A buzz of excited chatter broke out, except from Marcus
, who merely sighed heavily and threw himself on the sofa with Fatima’s balaban.
Mistress Wu patted him on the shoulder. “Do go on the field trip at least. Always fun to use the Tyre archway. It leads to our only Spoke Library located on a boat!”
Most of the next morning passed more or less like the first with the Archivist, with Dorrie continuing to organize mission reports into piles. This time, however, the Archivist took one of her piles of mission reports and began to enter the details of the completed missions into various large, red books stacked on his end of the worktable.
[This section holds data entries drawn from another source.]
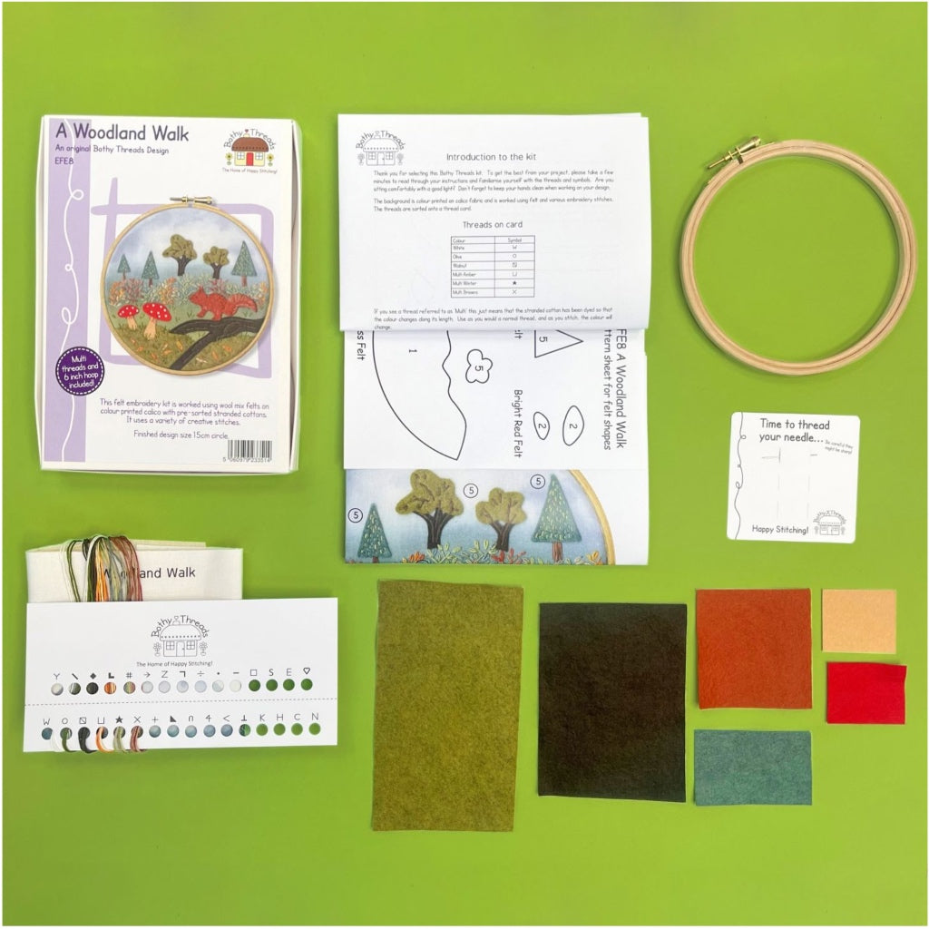 This kit contains: Color printed design with wool felt pieces and backing calico with pre-sorted stranded cottons, needle, and instructions and 6 inch embroidery hoop.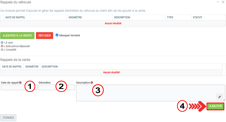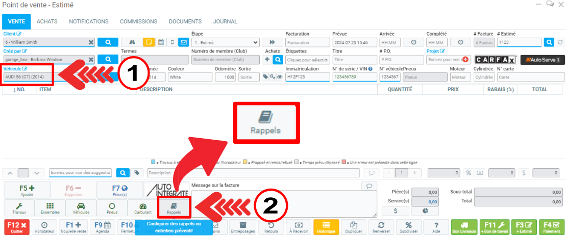À partir du Point de vente, une fois un véhicule ajouté, observez le bouton Rappels situé dans le menu au bas de l'écran.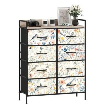 Elegant look: This chest of drawers features exquisite patterns on the drawer panels, making it a stylish addition to bedrooms, living rooms, or home offices Eight drawers: Fabric chest of drawers offers plenty of storage for various items. Drawers can be removed and folded Wood-effect top: Extra display space on the dresser. With side rails and a raised back panel, ensures your items don't slip off Powder-coated steel frame: Provides a strong core for the drawer unit. Equipped with adjustable foot pads for balance and anti-tipping kit for enhanced safety Dimensions: 79W x 29D x 101H cm. Maximum load: 35 kg. Assembly required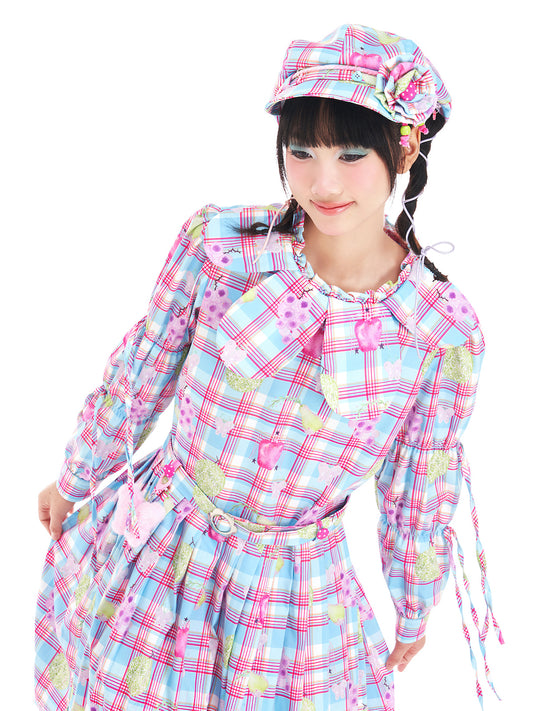 Kawaii Petal Collar Fruit Plaid Dress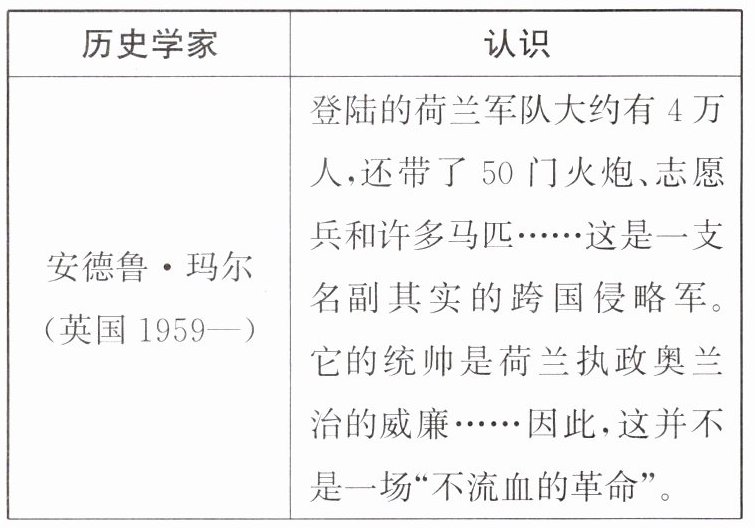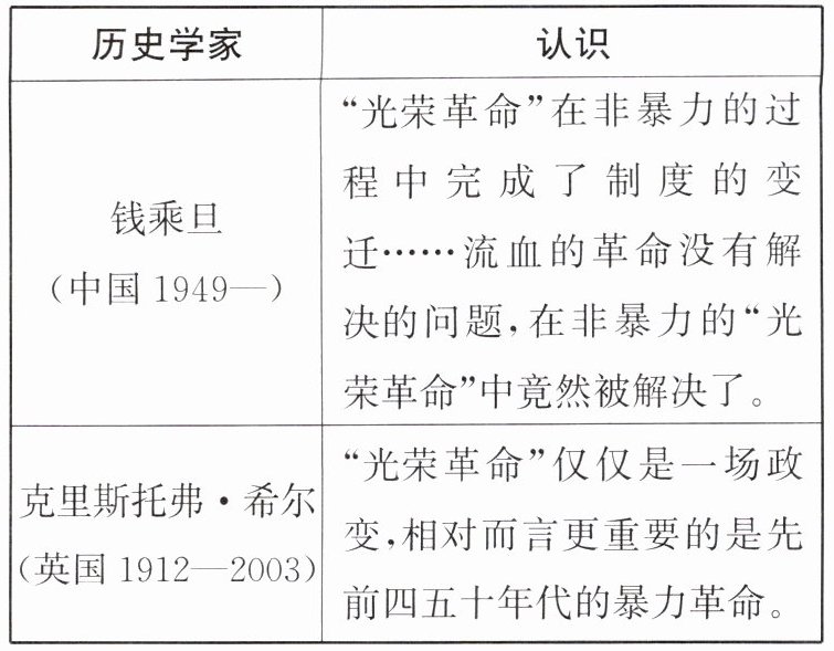 (1)安德鲁•玛尔:认为光荣革命是跨国侵略,并非不流血革命;钱乘旦:认为光荣革命以非暴力方式完成制度变迁,解决了流血革命未解决的问题;克里斯托弗•希尔:认为光荣革命仅是政变,先前暴力革命更重要。原因:立场、视角、史料选取不同。

Watching him out of the corner of her eye, Dorrie gave a start. The spines of the books bore the words History of Histories. The books were all volumes from the set she and Marcus had accidentally ripped the page out of the previous quarter. Remembering again how she’d left the Archivist to take the blame, her insides squirmed.
A wave of irritated justification followed. It hadn’t been her fault that the Archivist had left open the door of the little room that held the History of Histories books, and if he hadn’t startled them, the accident never would have happened. Closing her mouth tightly, she went back to her task.
That afternoon, the first thing Dorrie learned at her Staying Afloat practicum, besides the annoying fact that Izel and Millie had signed up for it as well, was that Mistress Daraney was not a fan of talk. Within the first five minutes, everyone taking the course had jumped or been thrown off a short pier fully clothed to assess their swimming skills. Anyone who couldn’t swim back to the beach without assistance would be limited to plying their boats close to shore in the shallows.
“Couldn’t we just wear life preservers?” asked a rather timid lybrarian-in-training with a bobbing Adam’s apple. “They’ve been invented, you know.”
“And you know what they’re good for?” scolded Mistress Daraney. “Keeping you from ever feeling that you’d better learn to swim a good distance.”